It begins here, our year, in October.


During the month of Slender Winds (Nílch'ih Ts'ósí) we continue our preparations: grinding corn, cooking and storing our harvest. We hunt. Meat is preserved. The winter story season is in motion, and our children sit inside it. At night adults play stick and moccasin games and children play with string. We attend ourselves and our winter homes, and the animals attend to theirs, many going into hibernation. We have a late sunrise and an early sunset.
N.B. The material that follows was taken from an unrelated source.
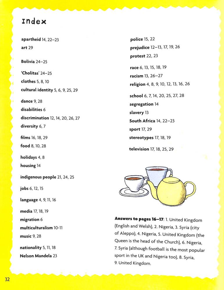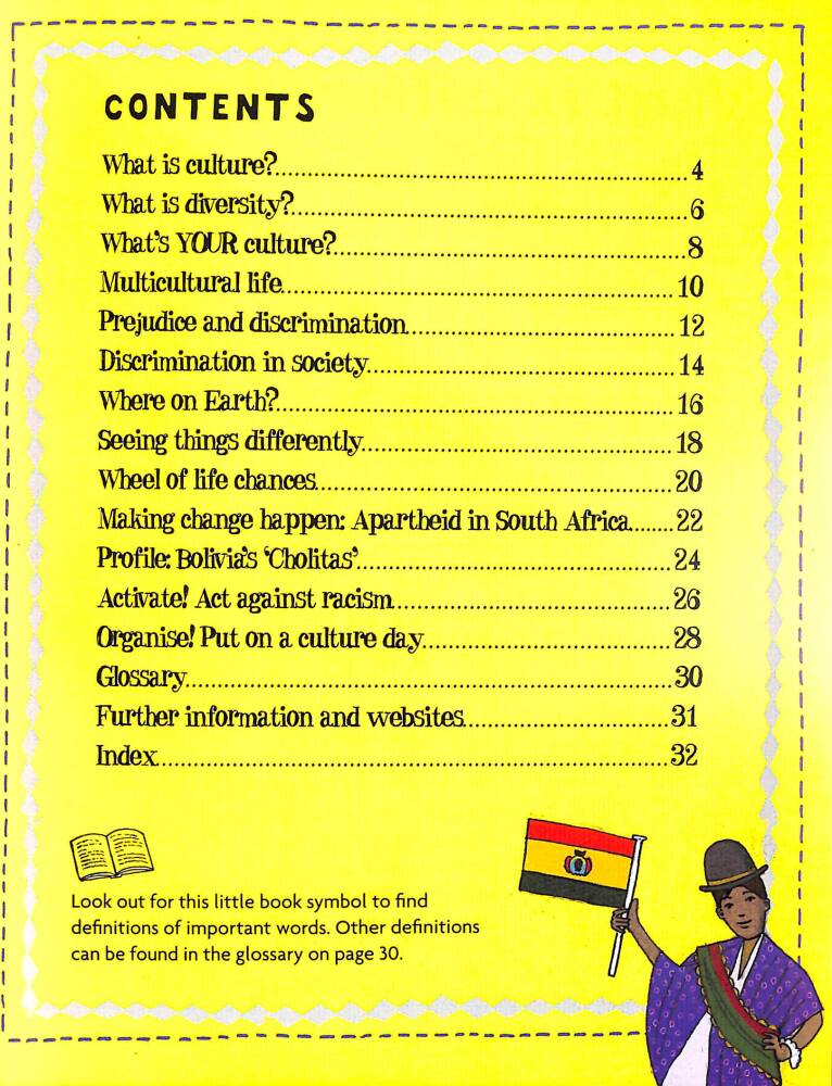 İyi bir küresel yurttaş nasıl olunur? Yaşadığımız dünyayı anlayarak ve değişimi nasıl mümkün kılabileceğimizi öğrenerek. Bu kitap, günümüz yaşamında çeşitlilikle ilgili meseleleri inceler; çokkültürlülüğün olumlu yönlerinden önyargı, ırkçılık ve ayrımcılığa kadar birçok konuyu ele alır. Kitapta ayrıca Apartheid rejimi üzerine bir örnek olay ve ırkçılığa karşı nasıl harekete geçebileceğimize dair fikirler yer alır.

And as our language tells us, Nílch'ih Ts'ósí blows.


Anthropologists are keen on explanations, noting "the calendar of an agricultural people concerned with season, weather, and crops naturally varies from calendars determined by hunters and warriors." As do calendars determined by the market and apostolic conversions. Aside from the mistaken belief that agricultural people are a people without hunters and warriors, this accounting of where a people place their attention fails to acknowledge how a life rooted in the environment cuts through the false notion that agriculture, technology, hunting and gathering are unrelated and disparate ways of understanding and interacting with the world.


During these months of winter stories, children, parents, aunts, uncles, and grandchildren are called together, to play and listen. We are called together to give our attention over to skills and knowledge we've learned through a devotion to story and storytelling. These dark and rainy day moments ask us to attend to language. They require us to speak across the generations, back through the ages, following the migrations of our ancestors and those we joined, left and met along the way. They require from us, at every age, to communicate across experience: First Man and First Woman, Changing Woman, the Warrior Twins, old Coyote, Bat Woman, Butterfly and Reared Within the Mountains.


I was raised by my Grandmother. She was raised to believe the only good Indian was a Christian who spoke unaccented English. Last Thursday we saw the film, The Only Good Indian, at the Palace of Fine Arts, thanks to the 34th American Indian Film Festival. The Only Good Indian told the story of a young Kickapoo abducted on the Kansas plains and taken to boarding school. In one scene he is forced to eat soap, for his refusal to answer in English. When I was four I was forced to eat soap myself. Our familial obsession with cleanliness, not talking backwards and Catholicism carries over into everything I write and every word I speak (properly or not).


It begins here, with the willingness to face the pain and shame involved in relearning our languages, and the willingness to face the ridicule and social discomfort of devoting our time, resources and money to them, and to each other. I often joke and say we, the learners, are providing community service by giving people something to laugh about, as we talk like children. Children grow into the adults we help shape them into. Our gods knew this, and so they gave us words. They set us tasks. They told us to remember, to live, this way, now. Each morning we rise into the same now our ancestors rose to—the opportunity to live, good, in this way.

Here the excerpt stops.